-- DATA PROVIDED --
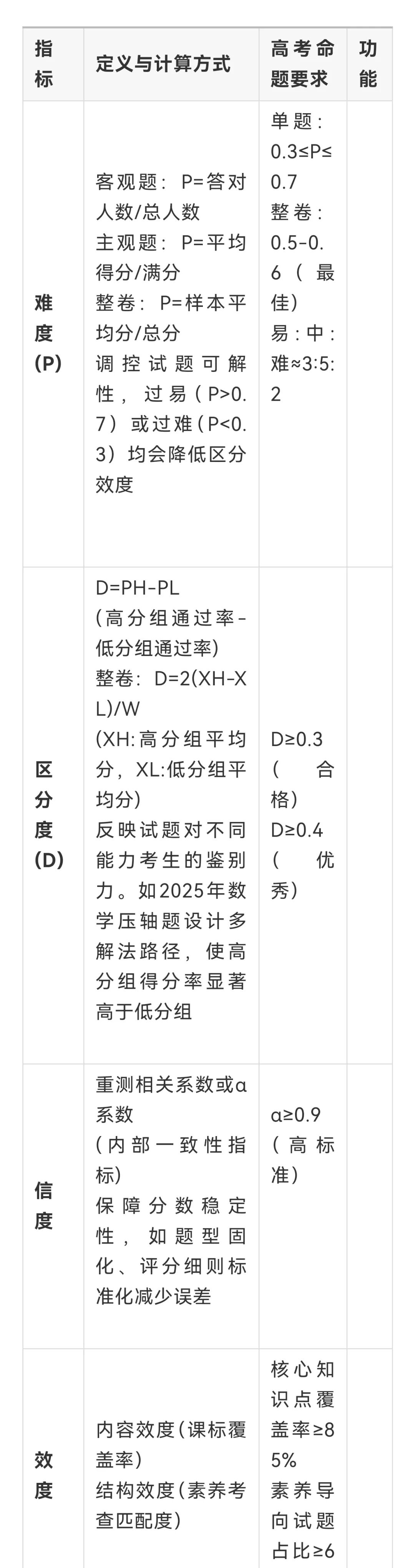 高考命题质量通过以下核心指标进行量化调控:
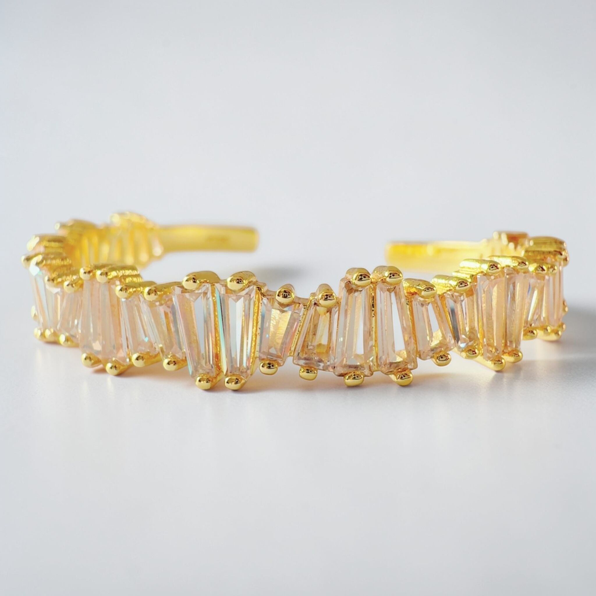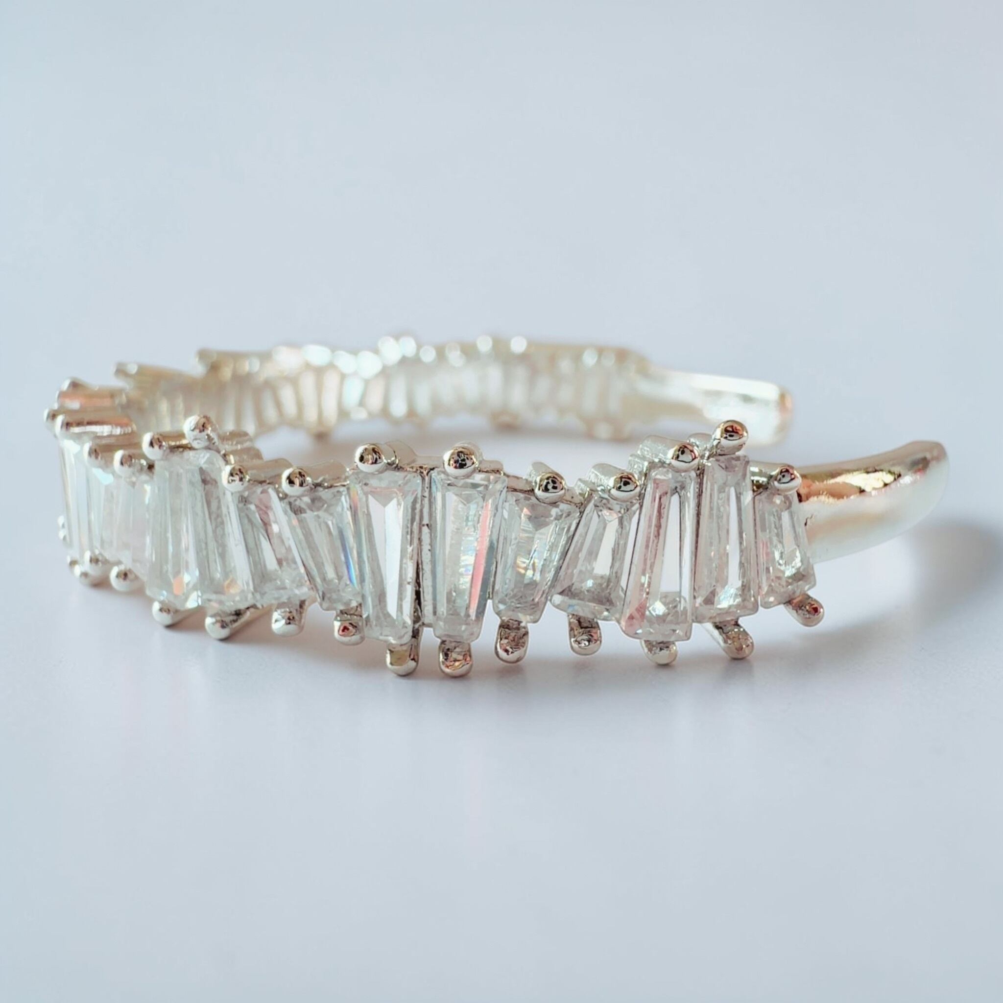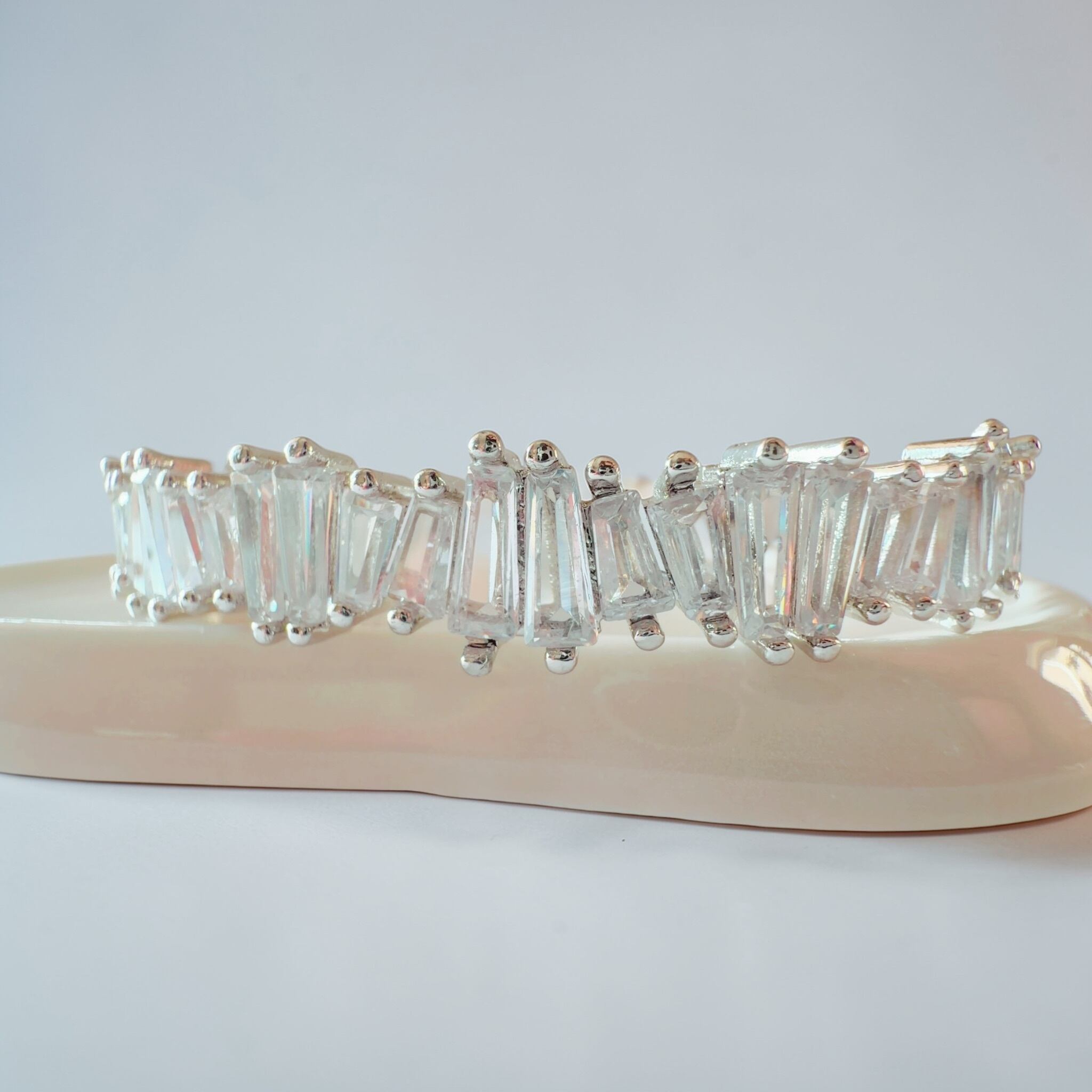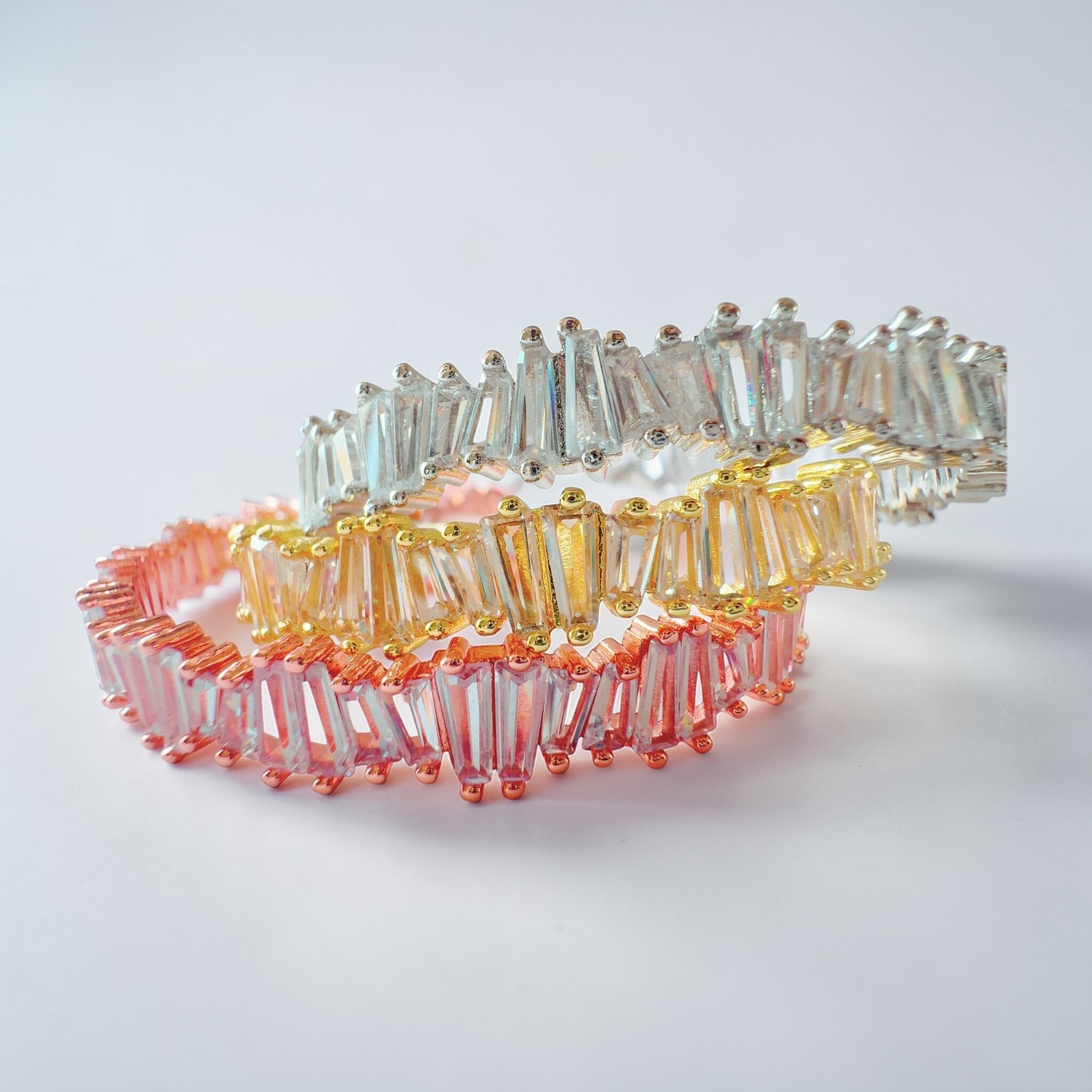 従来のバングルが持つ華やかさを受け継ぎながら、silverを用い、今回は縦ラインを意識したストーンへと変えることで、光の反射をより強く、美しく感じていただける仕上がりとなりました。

==

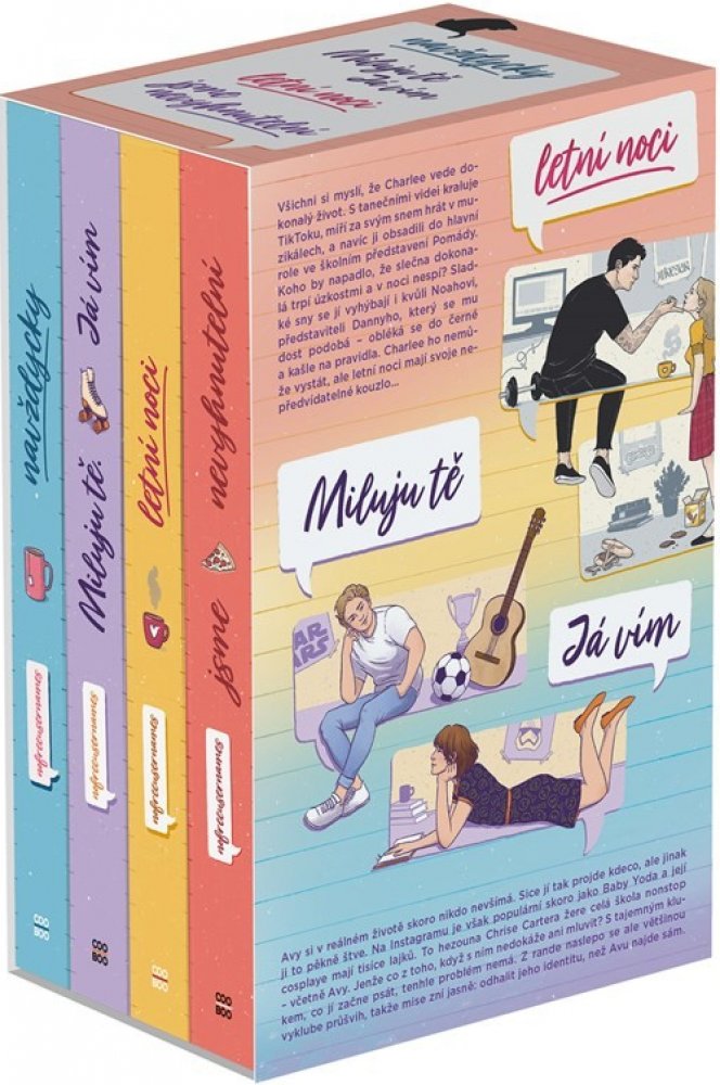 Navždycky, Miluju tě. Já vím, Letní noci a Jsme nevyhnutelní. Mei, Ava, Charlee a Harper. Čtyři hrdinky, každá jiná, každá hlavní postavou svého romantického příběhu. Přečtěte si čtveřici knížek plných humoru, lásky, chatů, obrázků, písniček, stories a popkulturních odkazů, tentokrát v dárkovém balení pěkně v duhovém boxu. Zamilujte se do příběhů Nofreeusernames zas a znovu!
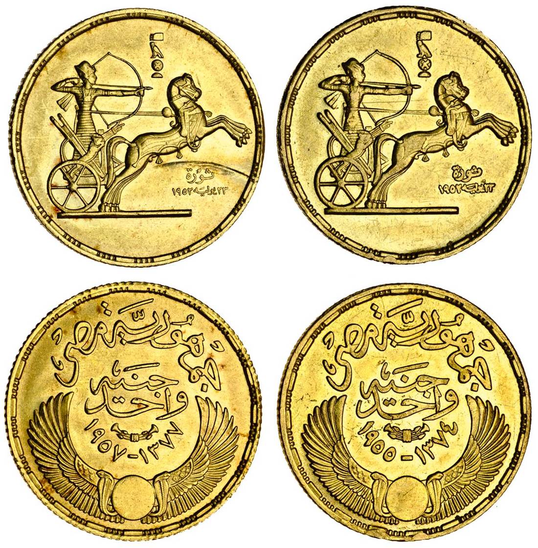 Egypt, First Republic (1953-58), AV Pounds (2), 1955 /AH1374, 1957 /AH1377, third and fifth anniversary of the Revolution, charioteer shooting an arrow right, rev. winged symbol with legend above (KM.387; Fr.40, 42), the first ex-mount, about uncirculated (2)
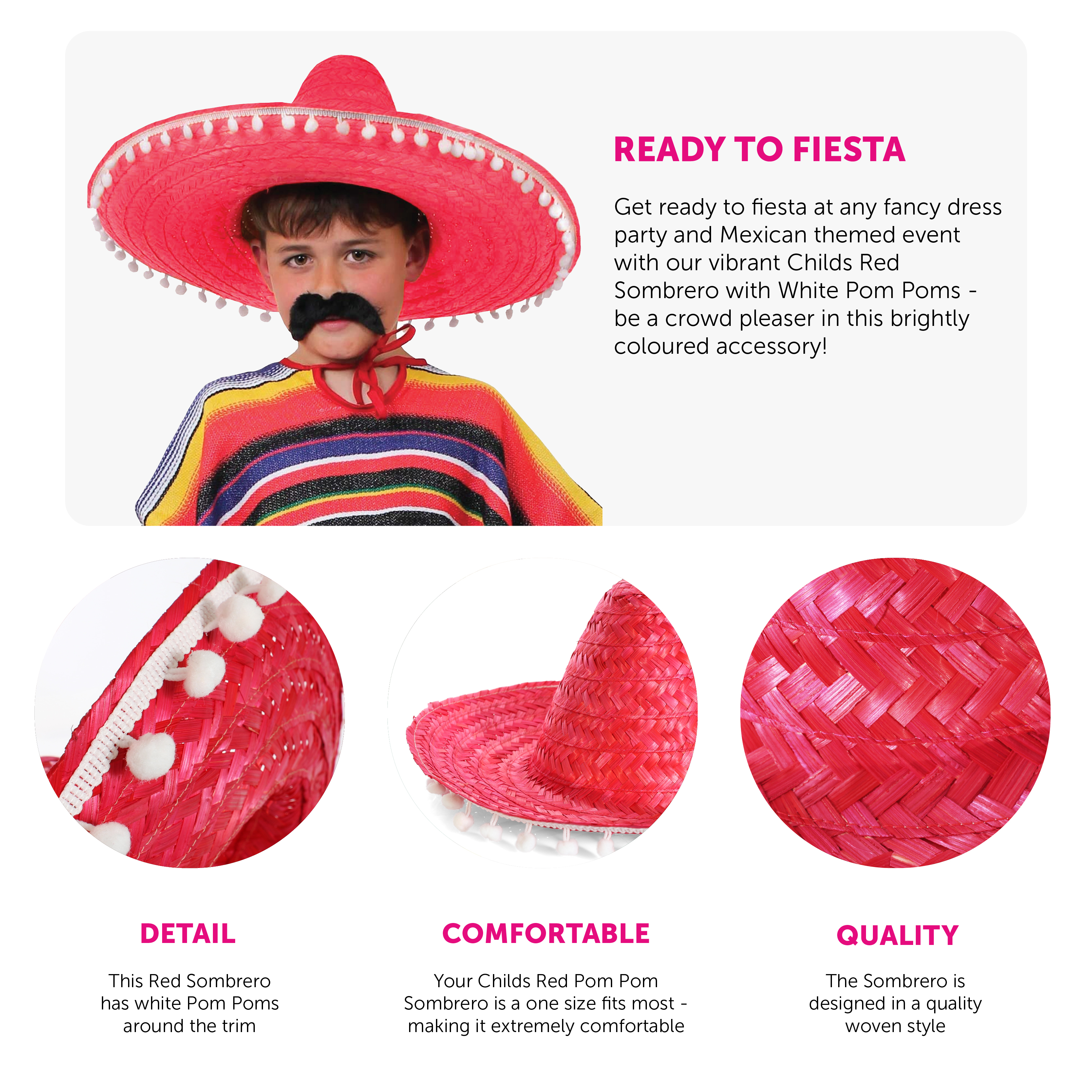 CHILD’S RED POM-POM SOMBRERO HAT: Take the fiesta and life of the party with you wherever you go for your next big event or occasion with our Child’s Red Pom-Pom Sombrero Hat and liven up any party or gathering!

-- EXERCISE AIM --
Output exactly, and only, the lines of the entries above from the one with "Navždycky, Miluju tě." up to and including the one with "CHILD’S RED POM-POM SOMBRERO HAT: Take"; pictures are to be left out.

-- EXERCISE OUTPUT --
 Navždycky, Miluju tě. Já vím, Letní noci a Jsme nevyhnutelní. Mei, Ava, Charlee a Harper. Čtyři hrdinky, každá jiná, každá hlavní postavou svého romantického příběhu. Přečtěte si čtveřici knížek plných humoru, lásky, chatů, obrázků, písniček, stories a popkulturních odkazů, tentokrát v dárkovém balení pěkně v duhovém boxu. Zamilujte se do příběhů Nofreeusernames zas a znovu!
 Egypt, First Republic (1953-58), AV Pounds (2), 1955 /AH1374, 1957 /AH1377, third and fifth anniversary of the Revolution, charioteer shooting an arrow right, rev. winged symbol with legend above (KM.387; Fr.40, 42), the first ex-mount, about uncirculated (2)
 CHILD’S RED POM-POM SOMBRERO HAT: Take the fiesta and life of the party with you wherever you go for your next big event or occasion with our Child’s Red Pom-Pom Sombrero Hat and liven up any party or gathering!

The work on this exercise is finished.